Problem statement:
Output the entries below exactly as written, omitting pictures.

Task data:

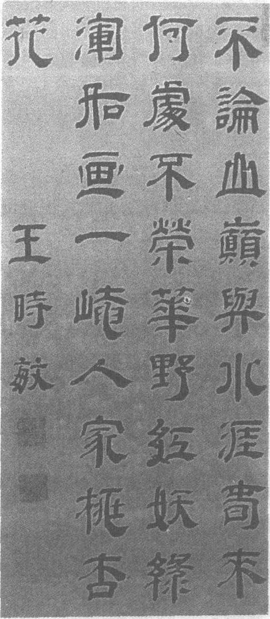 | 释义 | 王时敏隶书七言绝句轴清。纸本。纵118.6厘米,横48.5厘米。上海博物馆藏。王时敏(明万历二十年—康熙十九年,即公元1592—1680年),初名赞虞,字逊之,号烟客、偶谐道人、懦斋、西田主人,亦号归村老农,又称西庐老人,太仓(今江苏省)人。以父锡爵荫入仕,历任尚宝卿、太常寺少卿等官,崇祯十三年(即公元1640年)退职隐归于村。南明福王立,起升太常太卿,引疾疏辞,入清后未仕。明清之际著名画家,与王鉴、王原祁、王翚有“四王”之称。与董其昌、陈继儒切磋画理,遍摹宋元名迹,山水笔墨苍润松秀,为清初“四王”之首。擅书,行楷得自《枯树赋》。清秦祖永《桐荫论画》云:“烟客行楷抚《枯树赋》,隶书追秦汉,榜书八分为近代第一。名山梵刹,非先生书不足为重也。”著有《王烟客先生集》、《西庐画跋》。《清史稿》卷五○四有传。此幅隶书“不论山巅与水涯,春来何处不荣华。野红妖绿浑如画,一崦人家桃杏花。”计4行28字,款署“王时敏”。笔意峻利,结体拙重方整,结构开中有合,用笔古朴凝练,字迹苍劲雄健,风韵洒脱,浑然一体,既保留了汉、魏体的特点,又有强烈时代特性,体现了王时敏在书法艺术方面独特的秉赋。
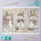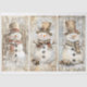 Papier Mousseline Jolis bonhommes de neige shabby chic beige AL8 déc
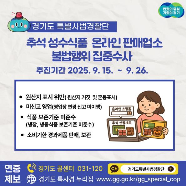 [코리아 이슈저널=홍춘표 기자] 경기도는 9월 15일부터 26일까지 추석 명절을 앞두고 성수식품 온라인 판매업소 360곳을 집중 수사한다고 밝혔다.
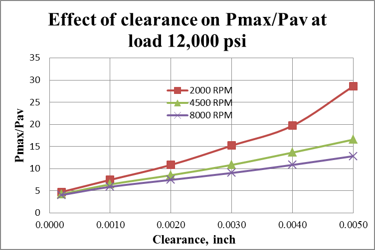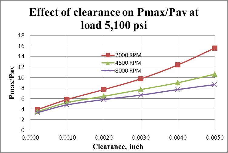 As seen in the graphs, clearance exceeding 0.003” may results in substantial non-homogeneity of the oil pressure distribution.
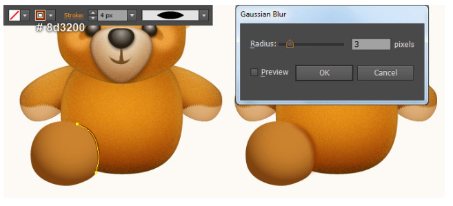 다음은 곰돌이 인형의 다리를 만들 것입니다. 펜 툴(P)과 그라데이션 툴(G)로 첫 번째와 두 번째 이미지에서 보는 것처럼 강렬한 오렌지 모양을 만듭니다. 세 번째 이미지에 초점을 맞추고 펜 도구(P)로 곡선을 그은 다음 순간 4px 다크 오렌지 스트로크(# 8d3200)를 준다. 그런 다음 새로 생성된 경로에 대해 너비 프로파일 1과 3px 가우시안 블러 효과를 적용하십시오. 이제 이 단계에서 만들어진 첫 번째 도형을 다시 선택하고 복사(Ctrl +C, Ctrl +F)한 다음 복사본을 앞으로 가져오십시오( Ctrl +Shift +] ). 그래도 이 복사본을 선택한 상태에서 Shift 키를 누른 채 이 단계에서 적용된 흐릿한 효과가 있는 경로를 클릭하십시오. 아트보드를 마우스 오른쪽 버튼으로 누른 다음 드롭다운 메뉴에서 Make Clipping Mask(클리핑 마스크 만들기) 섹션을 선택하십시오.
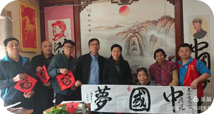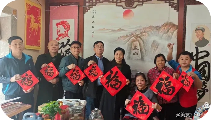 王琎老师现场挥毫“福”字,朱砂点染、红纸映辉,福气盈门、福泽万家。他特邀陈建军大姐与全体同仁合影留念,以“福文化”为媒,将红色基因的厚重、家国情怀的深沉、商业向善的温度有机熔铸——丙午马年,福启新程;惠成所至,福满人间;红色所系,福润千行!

Exercise answer:
 | 释义 | 王时敏隶书七言绝句轴清。纸本。纵118.6厘米,横48.5厘米。上海博物馆藏。王时敏(明万历二十年—康熙十九年,即公元1592—1680年),初名赞虞,字逊之,号烟客、偶谐道人、懦斋、西田主人,亦号归村老农,又称西庐老人,太仓(今江苏省)人。以父锡爵荫入仕,历任尚宝卿、太常寺少卿等官,崇祯十三年(即公元1640年)退职隐归于村。南明福王立,起升太常太卿,引疾疏辞,入清后未仕。明清之际著名画家,与王鉴、王原祁、王翚有“四王”之称。与董其昌、陈继儒切磋画理,遍摹宋元名迹,山水笔墨苍润松秀,为清初“四王”之首。擅书,行楷得自《枯树赋》。清秦祖永《桐荫论画》云:“烟客行楷抚《枯树赋》,隶书追秦汉,榜书八分为近代第一。名山梵刹,非先生书不足为重也。”著有《王烟客先生集》、《西庐画跋》。《清史稿》卷五○四有传。此幅隶书“不论山巅与水涯,春来何处不荣华。野红妖绿浑如画,一崦人家桃杏花。”计4行28字,款署“王时敏”。笔意峻利,结体拙重方整,结构开中有合,用笔古朴凝练,字迹苍劲雄健,风韵洒脱,浑然一体,既保留了汉、魏体的特点,又有强烈时代特性,体现了王时敏在书法艺术方面独特的秉赋。
 Papier Mousseline Jolis bonhommes de neige shabby chic beige AL8 déc
 [코리아 이슈저널=홍춘표 기자] 경기도는 9월 15일부터 26일까지 추석 명절을 앞두고 성수식품 온라인 판매업소 360곳을 집중 수사한다고 밝혔다.
 As seen in the graphs, clearance exceeding 0.003” may results in substantial non-homogeneity of the oil pressure distribution.
 다음은 곰돌이 인형의 다리를 만들 것입니다. 펜 툴(P)과 그라데이션 툴(G)로 첫 번째와 두 번째 이미지에서 보는 것처럼 강렬한 오렌지 모양을 만듭니다. 세 번째 이미지에 초점을 맞추고 펜 도구(P)로 곡선을 그은 다음 순간 4px 다크 오렌지 스트로크(# 8d3200)를 준다. 그런 다음 새로 생성된 경로에 대해 너비 프로파일 1과 3px 가우시안 블러 효과를 적용하십시오. 이제 이 단계에서 만들어진 첫 번째 도형을 다시 선택하고 복사(Ctrl +C, Ctrl +F)한 다음 복사본을 앞으로 가져오십시오( Ctrl +Shift +] ). 그래도 이 복사본을 선택한 상태에서 Shift 키를 누른 채 이 단계에서 적용된 흐릿한 효과가 있는 경로를 클릭하십시오. 아트보드를 마우스 오른쪽 버튼으로 누른 다음 드롭다운 메뉴에서 Make Clipping Mask(클리핑 마스크 만들기) 섹션을 선택하십시오.
 王琎老师现场挥毫“福”字,朱砂点染、红纸映辉,福气盈门、福泽万家。他特邀陈建军大姐与全体同仁合影留念,以“福文化”为媒,将红色基因的厚重、家国情怀的深沉、商业向善的温度有机熔铸——丙午马年,福启新程;惠成所至,福满人间;红色所系,福润千行!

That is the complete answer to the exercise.